### Records from a data collection
▼
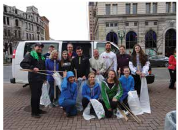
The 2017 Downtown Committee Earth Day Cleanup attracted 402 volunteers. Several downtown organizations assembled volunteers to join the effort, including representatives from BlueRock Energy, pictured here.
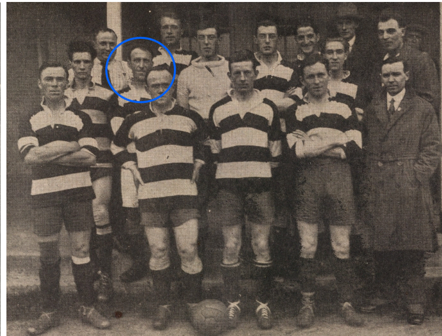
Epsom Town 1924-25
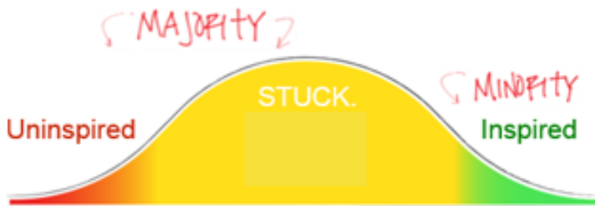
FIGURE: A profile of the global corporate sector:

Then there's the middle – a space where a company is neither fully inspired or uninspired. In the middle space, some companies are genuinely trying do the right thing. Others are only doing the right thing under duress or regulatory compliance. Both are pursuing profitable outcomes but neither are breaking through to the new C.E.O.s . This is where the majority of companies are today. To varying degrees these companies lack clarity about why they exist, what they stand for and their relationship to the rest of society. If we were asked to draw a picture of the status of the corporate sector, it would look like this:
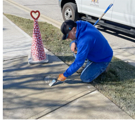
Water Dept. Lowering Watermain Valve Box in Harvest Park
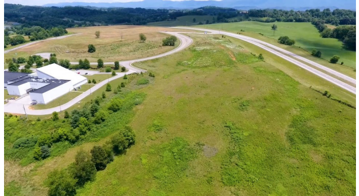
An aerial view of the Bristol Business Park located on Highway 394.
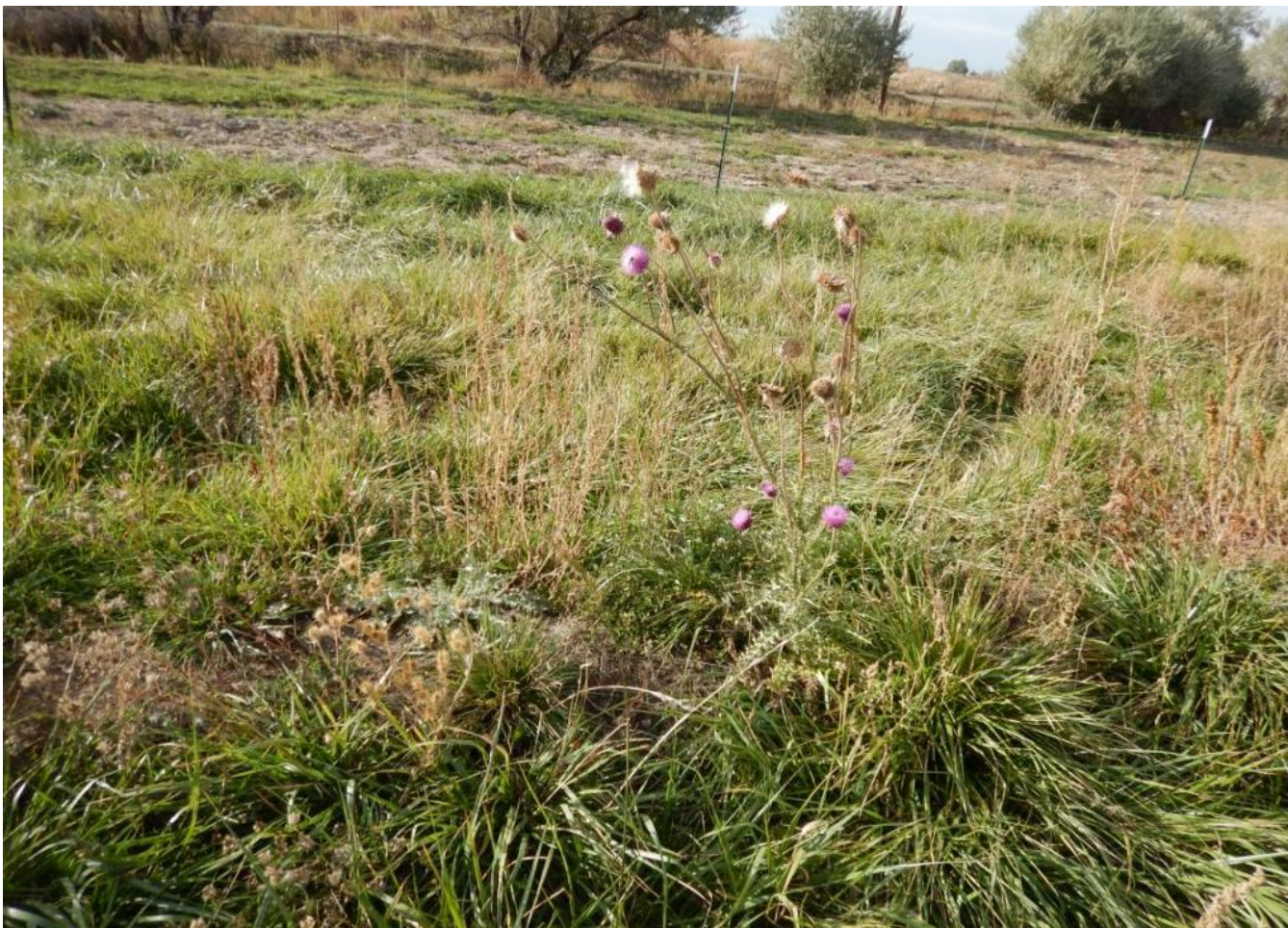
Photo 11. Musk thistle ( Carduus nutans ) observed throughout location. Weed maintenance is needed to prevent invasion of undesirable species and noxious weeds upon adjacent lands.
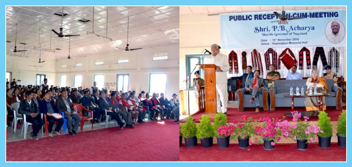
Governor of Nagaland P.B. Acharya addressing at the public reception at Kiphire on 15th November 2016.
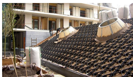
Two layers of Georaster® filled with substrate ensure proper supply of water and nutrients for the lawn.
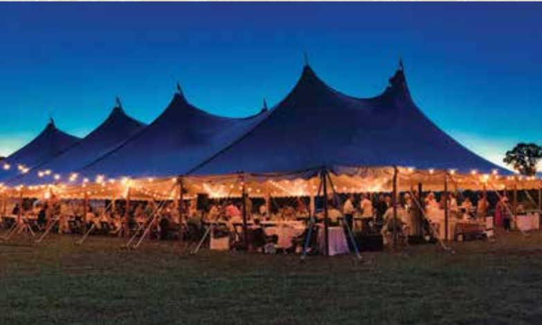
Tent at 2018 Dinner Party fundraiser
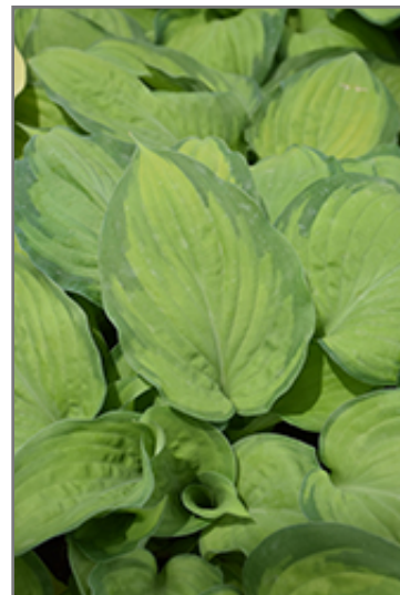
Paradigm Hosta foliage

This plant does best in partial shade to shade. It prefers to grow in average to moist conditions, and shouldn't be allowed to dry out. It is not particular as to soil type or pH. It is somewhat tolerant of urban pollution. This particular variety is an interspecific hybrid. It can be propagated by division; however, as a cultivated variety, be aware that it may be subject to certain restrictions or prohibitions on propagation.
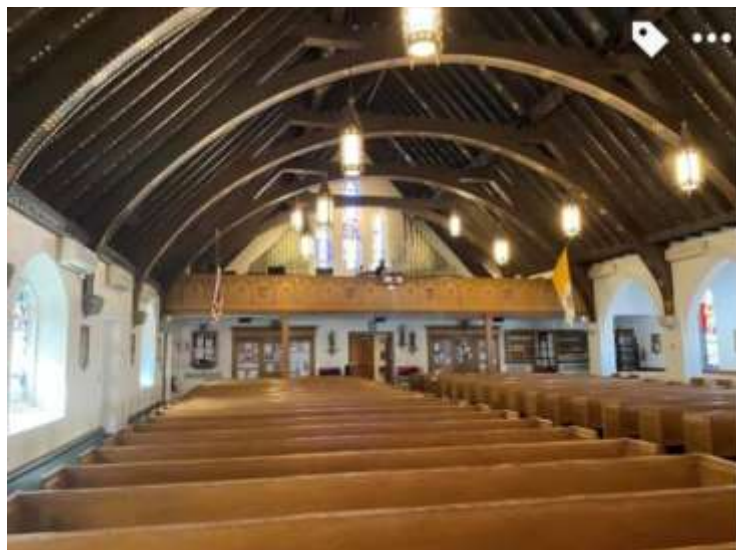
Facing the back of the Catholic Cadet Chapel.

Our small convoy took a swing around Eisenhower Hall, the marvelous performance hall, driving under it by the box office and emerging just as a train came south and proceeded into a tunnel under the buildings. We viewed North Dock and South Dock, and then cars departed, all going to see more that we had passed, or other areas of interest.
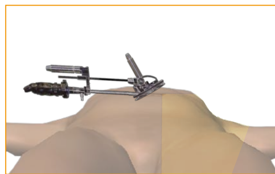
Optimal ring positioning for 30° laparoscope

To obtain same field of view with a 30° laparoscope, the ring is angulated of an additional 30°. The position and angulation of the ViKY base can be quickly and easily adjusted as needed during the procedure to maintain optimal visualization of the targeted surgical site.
▲
### YOUR INSTRUCTIONS
Needed here is a verbatim copy of the data from the first line through the line with "FIGURE: A profile", without pictures.

### OUTPUT FOR THIS EXERCISE
The 2017 Downtown Committee Earth Day Cleanup attracted 402 volunteers. Several downtown organizations assembled volunteers to join the effort, including representatives from BlueRock Energy, pictured here.
Epsom Town 1924-25
FIGURE: A profile of the global corporate sector:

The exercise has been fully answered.